The PR aspect has almost no interest to me. I can't think of a President, not even Reagan or Ike or Kennedy, that was really honest 100% of the time with the American public.
Otoh, the actions that day have great interest to me. I'd like to know how the command structure as a whole reacted as it developed, who made X observation, who made X recommendation, and who made X command decision at each step.

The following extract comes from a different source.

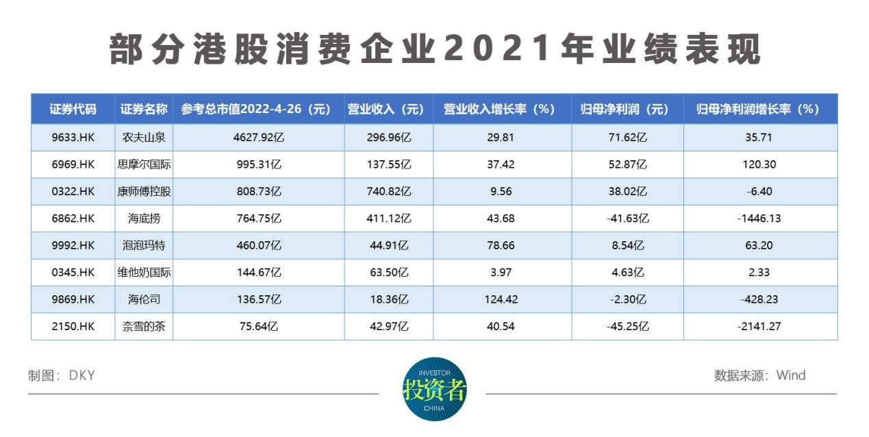 以农夫山泉、思摩尔国际、康师傅控股、海底捞、泡泡玛特、维他奶国际、海伦司、奈雪的茶8家港股消费领域上市公司为例,2021年这8家累计实现营业收入1756亿元,同比增长24%;归母净利润86.5亿元,相比2020年下降35%。

Which is truly more important, the actions and inactions, mistakes and cold choices made that left the embassy with inadequate protection to begin with, and the development of the raid/firefight itself, or of a bunch of talking bobblehead politicians on the left and right bickering about nomenclature? Certainly the issue of inadequate protection bodes poorly for everyone, additional funding was something the Republicans either wanted to cut, or did in fact cut, and to their discredit, the Democrats apparently didn't find a fix for that situation either. On to the issue of the command decisions, we really don't know the story much at all as to who decided what, and on whose recommendation. If senior military commanders advised against escalation for reason X, Y, or Z, and that advice was followed, it wouldn't fall much on the admin as to why help wasn't sent. If the opposite is true, then it would be a tragic and stupid mistake instead that the admin didn't follow senion military command advice. These decisions aren't made in a vacuum any way you cut it. Read Black Hawk Down or anything about the Cuban Missile Crisis. There are tons of people consulted, arguments, advocation, etc. It's not as simple as one man with a button acting like a dictator. That's only in bad movies.